*** Opening Data extract ***

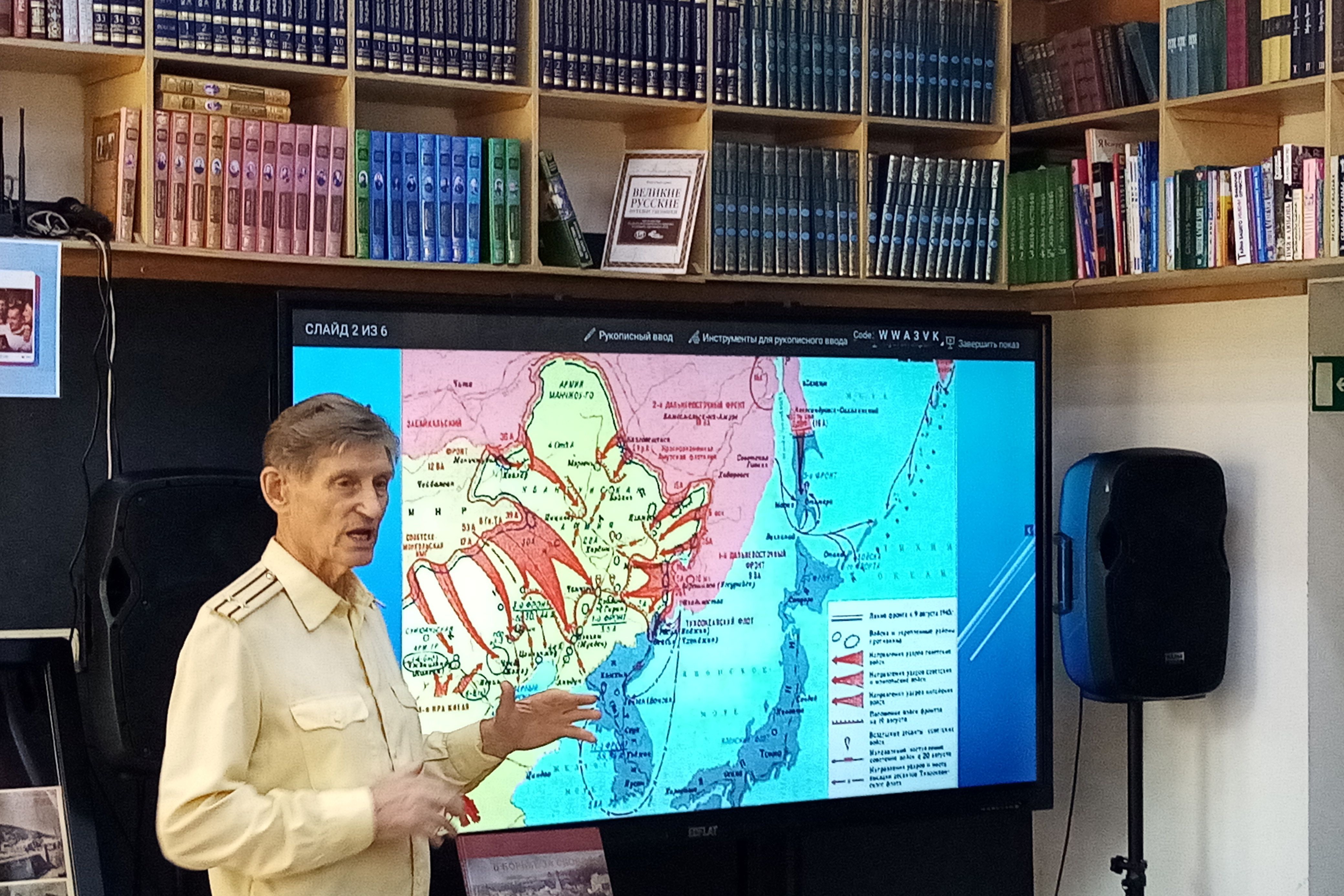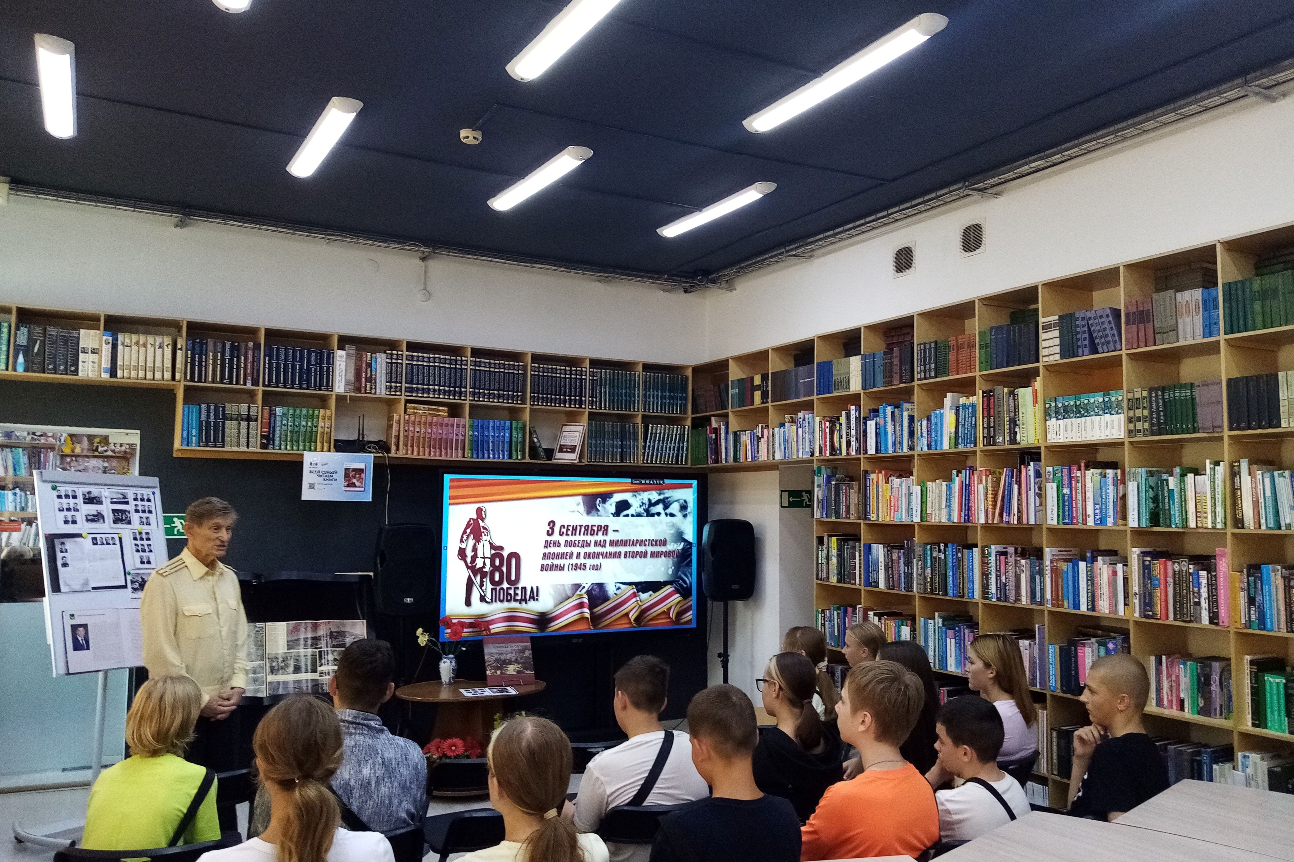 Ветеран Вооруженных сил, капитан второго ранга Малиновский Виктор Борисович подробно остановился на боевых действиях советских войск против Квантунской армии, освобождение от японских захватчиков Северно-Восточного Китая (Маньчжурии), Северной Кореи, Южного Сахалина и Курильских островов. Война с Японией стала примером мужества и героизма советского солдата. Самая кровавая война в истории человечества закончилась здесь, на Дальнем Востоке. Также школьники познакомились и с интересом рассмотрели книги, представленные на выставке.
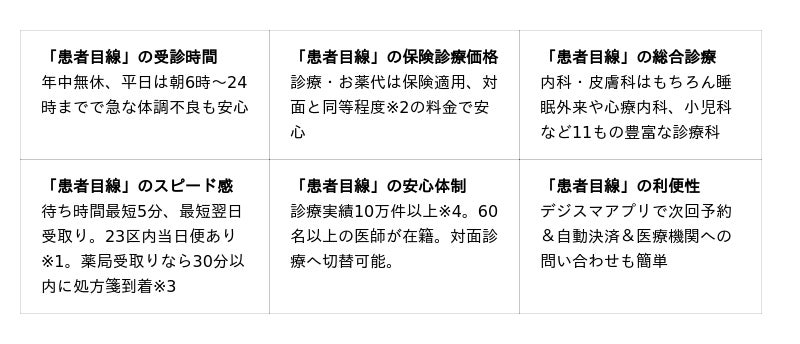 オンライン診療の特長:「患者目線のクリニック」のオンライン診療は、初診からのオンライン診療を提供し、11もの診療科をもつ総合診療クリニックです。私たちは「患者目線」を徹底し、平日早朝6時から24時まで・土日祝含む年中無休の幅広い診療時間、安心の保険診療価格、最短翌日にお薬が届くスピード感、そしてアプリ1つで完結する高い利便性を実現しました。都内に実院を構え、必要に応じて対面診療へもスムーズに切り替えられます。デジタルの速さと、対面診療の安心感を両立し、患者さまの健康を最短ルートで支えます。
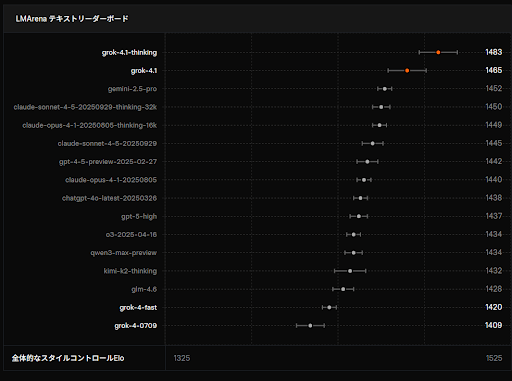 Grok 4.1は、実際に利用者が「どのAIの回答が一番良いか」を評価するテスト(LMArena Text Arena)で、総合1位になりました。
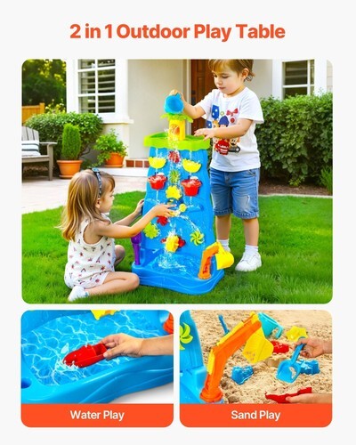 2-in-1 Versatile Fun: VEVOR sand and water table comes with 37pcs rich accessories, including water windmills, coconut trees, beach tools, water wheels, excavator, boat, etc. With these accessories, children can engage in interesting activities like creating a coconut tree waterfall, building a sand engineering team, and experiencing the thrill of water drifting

*** Closing Data extract ***

◆ **Problem description**: Reproduce the listing exactly. Leave its pictures out.

◆ **Output for this exercise**:
 Ветеран Вооруженных сил, капитан второго ранга Малиновский Виктор Борисович подробно остановился на боевых действиях советских войск против Квантунской армии, освобождение от японских захватчиков Северно-Восточного Китая (Маньчжурии), Северной Кореи, Южного Сахалина и Курильских островов. Война с Японией стала примером мужества и героизма советского солдата. Самая кровавая война в истории человечества закончилась здесь, на Дальнем Востоке. Также школьники познакомились и с интересом рассмотрели книги, представленные на выставке.
 オンライン診療の特長:「患者目線のクリニック」のオンライン診療は、初診からのオンライン診療を提供し、11もの診療科をもつ総合診療クリニックです。私たちは「患者目線」を徹底し、平日早朝6時から24時まで・土日祝含む年中無休の幅広い診療時間、安心の保険診療価格、最短翌日にお薬が届くスピード感、そしてアプリ1つで完結する高い利便性を実現しました。都内に実院を構え、必要に応じて対面診療へもスムーズに切り替えられます。デジタルの速さと、対面診療の安心感を両立し、患者さまの健康を最短ルートで支えます。
 Grok 4.1は、実際に利用者が「どのAIの回答が一番良いか」を評価するテスト(LMArena Text Arena)で、総合1位になりました。
 2-in-1 Versatile Fun: VEVOR sand and water table comes with 37pcs rich accessories, including water windmills, coconut trees, beach tools, water wheels, excavator, boat, etc. With these accessories, children can engage in interesting activities like creating a coconut tree waterfall, building a sand engineering team, and experiencing the thrill of water drifting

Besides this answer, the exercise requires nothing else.